* What you should do *
Look through the data below for the line with "J9 បង្ហែមព្រិលត្រជាក់ផ្លែប៉េស 贵妃银耳桃胶" and the line with "Specifične sposobnosti: izbacivanje", then output those two and all lines in between, exactly as written.

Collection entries
>>>

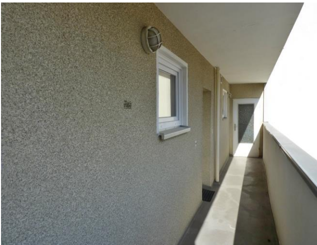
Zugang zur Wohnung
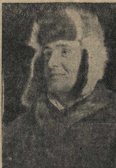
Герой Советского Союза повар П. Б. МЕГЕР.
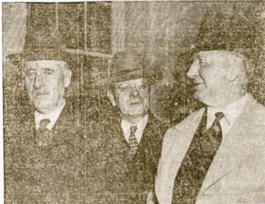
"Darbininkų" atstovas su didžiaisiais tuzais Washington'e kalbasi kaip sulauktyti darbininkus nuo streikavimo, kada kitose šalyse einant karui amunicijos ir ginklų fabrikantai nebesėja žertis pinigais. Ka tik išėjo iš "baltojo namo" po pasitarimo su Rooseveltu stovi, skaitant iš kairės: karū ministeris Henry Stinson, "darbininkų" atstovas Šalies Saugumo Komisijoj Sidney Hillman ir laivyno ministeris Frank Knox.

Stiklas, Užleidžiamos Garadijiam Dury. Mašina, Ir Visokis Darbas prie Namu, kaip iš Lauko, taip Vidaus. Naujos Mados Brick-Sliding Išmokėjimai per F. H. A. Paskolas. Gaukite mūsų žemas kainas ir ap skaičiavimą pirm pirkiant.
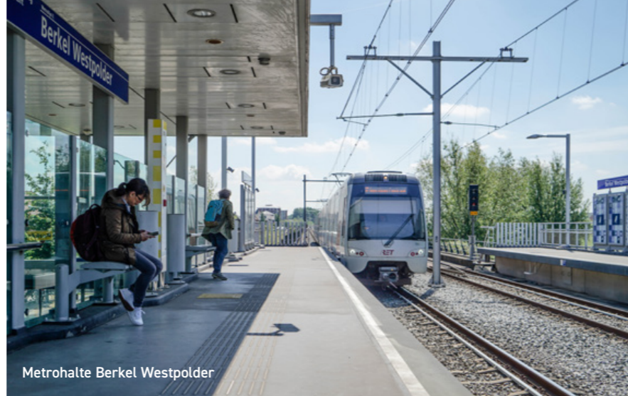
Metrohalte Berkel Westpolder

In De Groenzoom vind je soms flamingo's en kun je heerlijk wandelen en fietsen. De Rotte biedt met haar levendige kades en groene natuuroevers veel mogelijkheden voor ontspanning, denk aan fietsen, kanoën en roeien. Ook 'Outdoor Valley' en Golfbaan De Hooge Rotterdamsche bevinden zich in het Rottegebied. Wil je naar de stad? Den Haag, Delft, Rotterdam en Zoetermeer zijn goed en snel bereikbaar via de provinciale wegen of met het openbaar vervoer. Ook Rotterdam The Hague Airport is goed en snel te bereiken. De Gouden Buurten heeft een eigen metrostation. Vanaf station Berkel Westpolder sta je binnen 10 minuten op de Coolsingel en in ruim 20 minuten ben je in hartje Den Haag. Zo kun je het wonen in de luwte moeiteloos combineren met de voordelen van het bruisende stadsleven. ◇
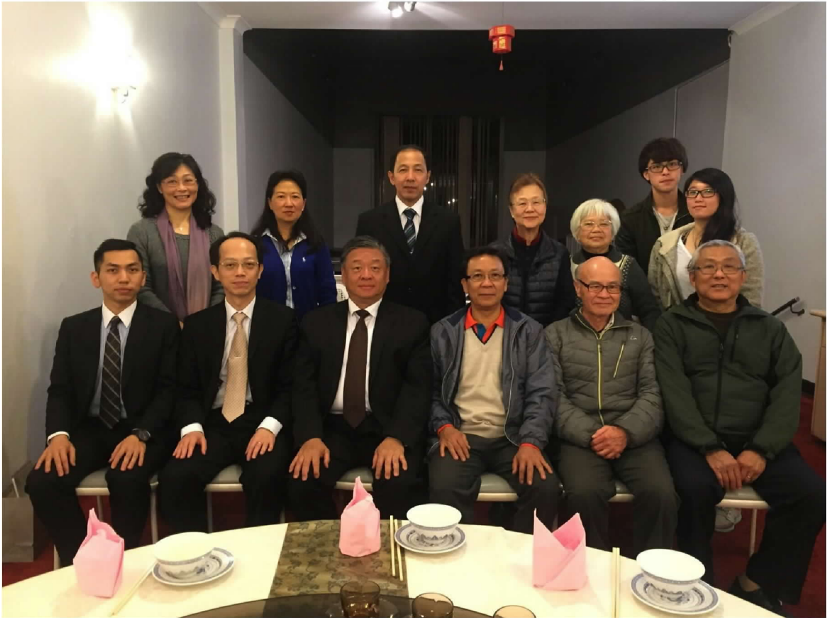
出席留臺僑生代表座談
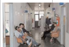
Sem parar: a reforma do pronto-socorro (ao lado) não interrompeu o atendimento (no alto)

<<<
>>>

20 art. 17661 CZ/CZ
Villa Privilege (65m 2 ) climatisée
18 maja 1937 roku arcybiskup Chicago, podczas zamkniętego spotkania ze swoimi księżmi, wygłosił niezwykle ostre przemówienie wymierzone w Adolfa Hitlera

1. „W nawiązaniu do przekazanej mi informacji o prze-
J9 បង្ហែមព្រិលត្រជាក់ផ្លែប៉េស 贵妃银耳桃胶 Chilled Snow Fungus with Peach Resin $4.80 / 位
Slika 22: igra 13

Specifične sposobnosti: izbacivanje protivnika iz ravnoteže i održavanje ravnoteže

<<<

* Output below *
J9 បង្ហែមព្រិលត្រជាក់ផ្លែប៉េស 贵妃银耳桃胶 Chilled Snow Fungus with Peach Resin $4.80 / 位
Slika 22: igra 13

Specifične sposobnosti: izbacivanje protivnika iz ravnoteže i održavanje ravnoteže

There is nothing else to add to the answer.